Connery sat beside the lake for what seemed like hours, going over his options. He told himself again and again that it could not be true, that someone as vital and alive as Leona could not be dying ... He stared into the sky, at the clouds corrupted by the supernova. In time the sun would blow, destroying everything: the planet, the island, the Vulpheous . . . Could he risk not getting the cure out to the Thousand Worlds, for the hopeless belief in a primitive folk tale?
At last he left the lake and retraced his steps back to the dome. Leona was still on the bed, and she turned and smiled it him as he entered the chamber. He sat down beside her and stroked the hair from her forehead. He stared at her in silence, touching the line of her jaw. Her brown eyes watched him, so bright and alive.
Later, her convulsions began. As she lay on the bed with her eyes closed, shivering, Connery mixed the powders into the blood-red syrup that would make her still. He sat with her in his arms and raised the cup to her lips, and he rejoiced in her relief as her body relaxed and her breathing became even. He lowered her head to the pillow, kissed her on the lips, and then left the dome.
He stood beneath the fiery sky and stared out across the jade green lake, asking himself over and over if he had made the right decision.
* * * *
Connery was standing beneath the canopy when the Vulpheous made its next appearance. The sun had set on another searing day, and the sombre tone of the night sky turned the surface of the lake a dark, brooding shade of emerald.
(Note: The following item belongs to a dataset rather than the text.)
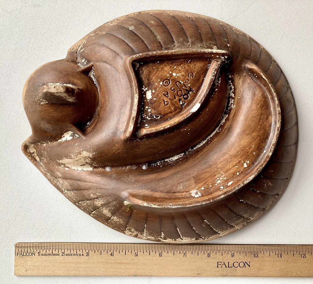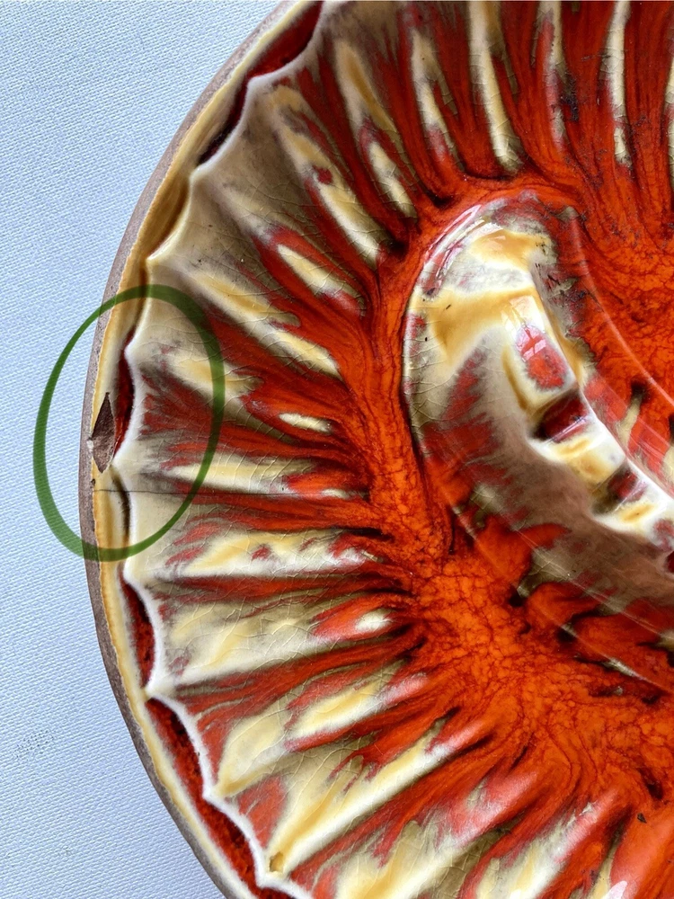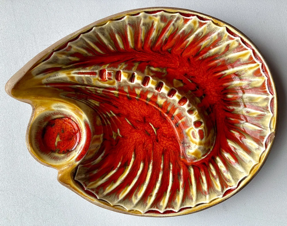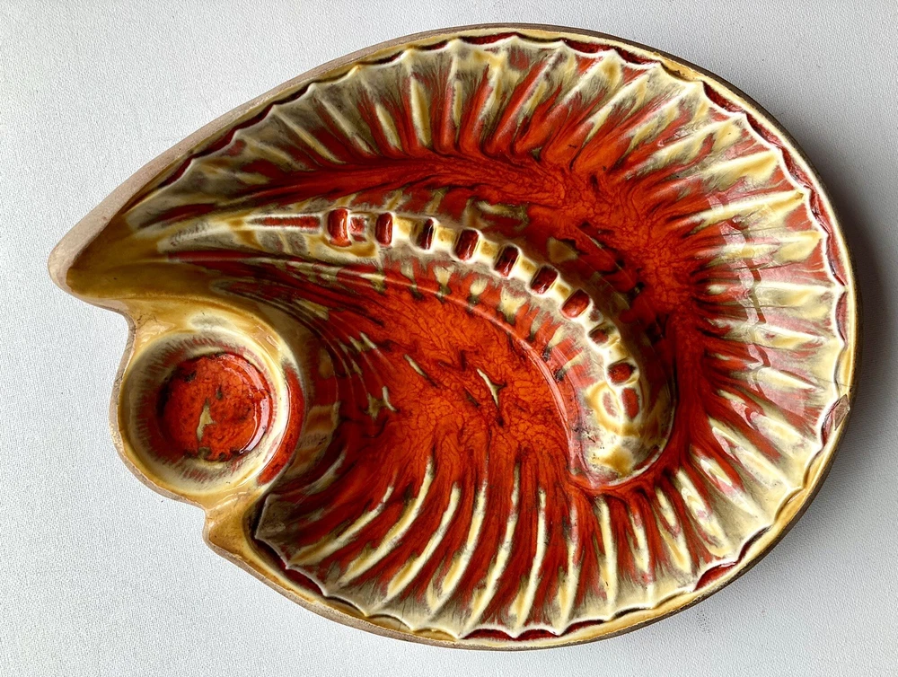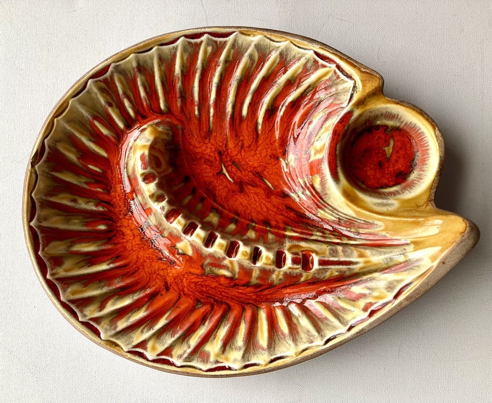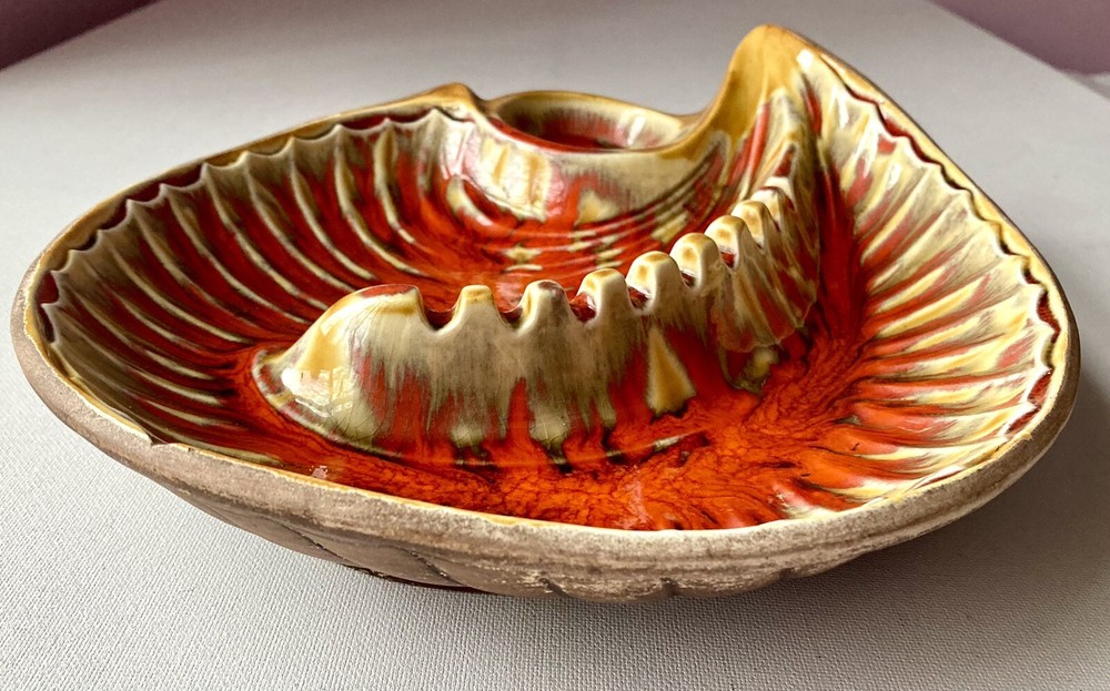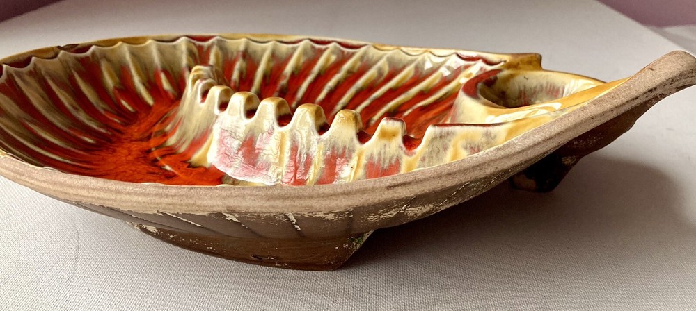This unique mid-century modern ashtray features a vibrant orange lava glaze and is handcrafted in California, USA. The large table ashtray is perfect for collectors and tobacco enthusiasts alike. 11“ x 9“ x 3“ One chip, please see marked photo, otherwise In Great condition!

He was barely aware of the first lethargic ripple that disturbed the surface of the lake, so lost was he in his thoughts. Then a series of slow bubbles exploded through the layer of algae.
The Vulpheous rose to the surface with a slow, wallowing buoyancy. Its massive head turned slowly towards Connery, its tiny eyes seeking him out. It remained staring at him for what seemed like a long time.
Connery slipped into the seat behind the cannon, reached out and struck the command. The laser flashed out, striking the creature through the forehead, and the natural amphitheatre rang to the piercing shriek of the dying animal. Already the harpoons and grapple had found their fleshy target and were hauling the dead Vulpheous across the lake to the shore. It beached with a lifeless shudder, its inert mass of blubber already discharging reeking fluids across the volcanic rock.
Connery set to work, lasering the carcass into sections and slicing free its massive liver. He transferred the organ to his waiting carricase, then made his way back to the dome. He showered to rid himself of its blood and stench, and was leaving the dome for the last time when he paused. On the floor was Leona’s pack, and beside it her pouches of medicine powders, among them the pouch that had contained the white powder, the fehna, empty now.
He left the dome with the carricase. Soon, he told himself, thanks to what he had achieved here in the volcano, many people around the Thousand Worlds would give thanks to him, would be able to look into the future with hope renewed.
For every advance there was a sacrifice.
On his way up the slope he paused by the cairn of stones beneath which Leona lay.
Before he began the long trek from the volcano to the cove where his yacht was anchored, Connery knelt beside the cairn, closed his eyes and asked for her forgiveness.